In Rhodes, to which she gave her name, she was the consort of Helios and a
co-protector of the island, which was the sole center of her cult. Her name was
applied to the rose, which appeared on Rhodian coinage.
The first inhabitants of Rhodes were identified by Hellenes as the Telchines.
Helios made the island rise from the sea and with Rhode, fathered seven sons there,
the Heliadae and one daughter, Electryone. Electryone died a virgin and the sons
became legendary astronomers and rulers of the island, accounting for the cities
among which it was divided. Rhode was worshipped on Rhodes in her own name, as
well as Halia, the embodiment of the "salt sea" or as the "white goddess", Leucothea.

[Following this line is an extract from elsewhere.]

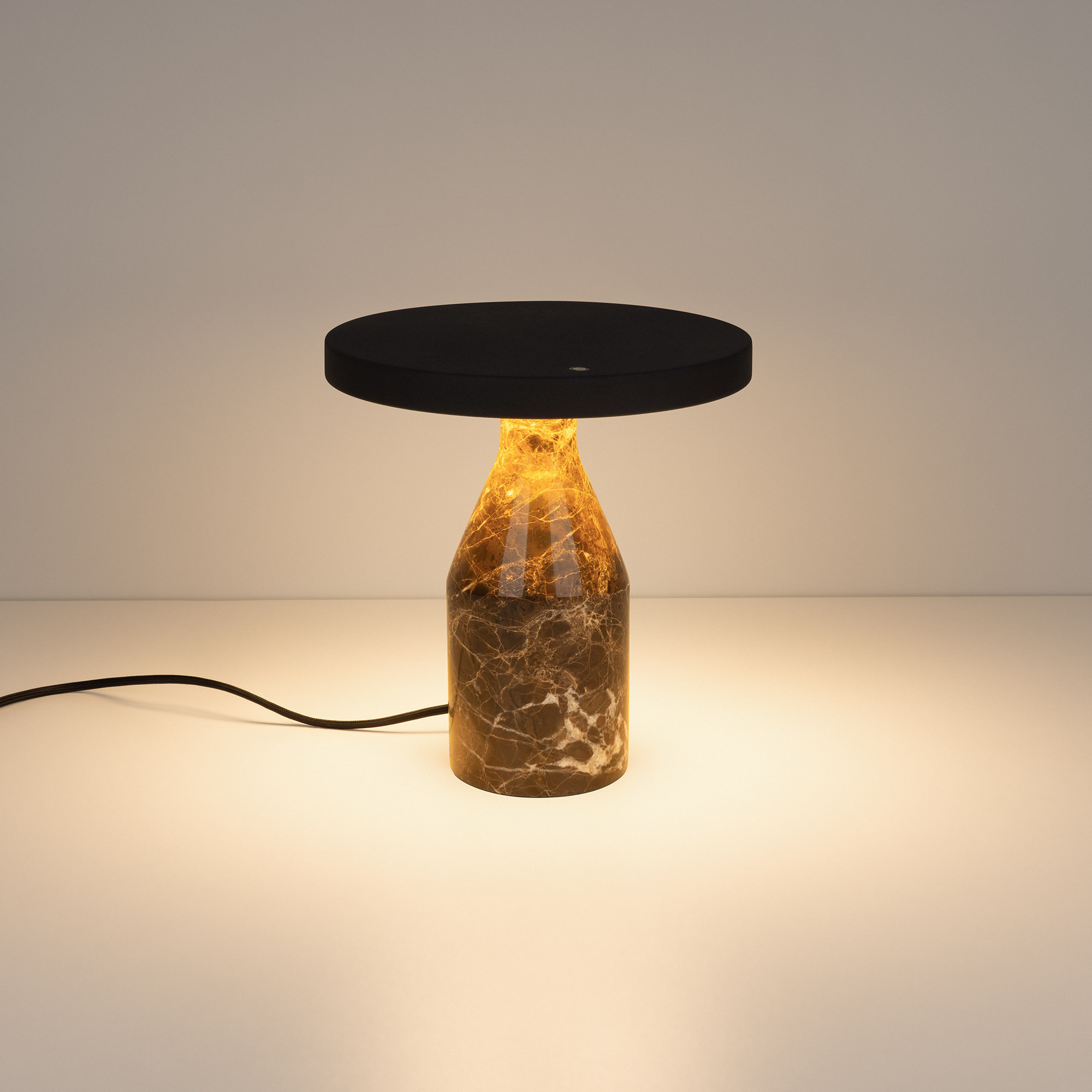 Настольный светильник CROOD. С изменяемой цветовой температурой 2700/3200/4000K, переключается коротким нажатием на сенсорную кнопку на плафоне, диммирование происходит за счет ее удержания. Мощность 7 Вт, св. поток 159 лм, 23 лм/Вт, CRI>94, угол 140°, напряжение питания 230 В. Черный плафон из алюминия, основание из мрамора, степень защиты IP20. Общая высота 240 мм. Габариты светового модуля DхH: 225 x 22 мм. Габариты основания DхH:: 100 x 220 мм. Пульсация <1%.

Maleos or Maleotis (Μαλέος) was known originally as a sea demon whose
name was linked to Cape Malea. According to another tradition, Male stone or
Maleion cape was called an irrelevant with Malea hydrographic element, a reef
before the port of Phaistos, which was dedicated by Malleos to the god Poseidon for
not passing waves Phaistos
Palaemon (Παλαίμων), originally named Melicertes, was a minor, young sea
god, son of Ino (Leucothea). He was deified by the gods
when his mother threw herself from atop a cliff with
Palaemon in her arms, arguably to escape in sanity or to
escape Athanas, King of Thebes at the time, and his
father was driven to a murderous rage after Hera pushed
him to it.
DISCUSSION
Apart from Greek mythology where ancient Greeks worshiped the water as
deities and imagined the ocean like a huge river, which flows around the Earth, had
no sources or estuary and was the father of all the river gods, we find the importance
of the life-giving role of waters in the myths of many civilazations. Making a journey
through time and reaching prehistoric times, we find that the ancestral peoples of
humanity were fully aware of the importance of the life-giving role, but also the
terrible power of water. For this reason they venerated waters as deities, which while
seeking to placate. In the myths of all civilizations, water was an element of
inspiration and doctrine.
The major civilizations were born near the water. Particularly in the
Mediterranean, water played an important role in shaping cultures. On the
Mediterranean coast the most important civilizations appeared , the ancient Greeks,
Phoenicians, Egyptians, Arabs, Romans. In these cultures from antiquity until today
the water has a very great significance. The Egyptian civilization linked the life to the
river Nile, the civilization of Mesopotamia to Tigris and Euphrates, the Greek culture
with its rich coasts. The paths of rivers and seas supplied to human societies not only
water for crops and food, but also a safe and easy way for transportation, trade,
exchange of goods, but also the communication between people, peoples, cultures!
The importance they gave the water reflected in mythology, philosophy,
religion, the manners and customs of the peoples. Sometimes celebrated as a deity,
sometimes considered a source of life and energy that gives strength and good health.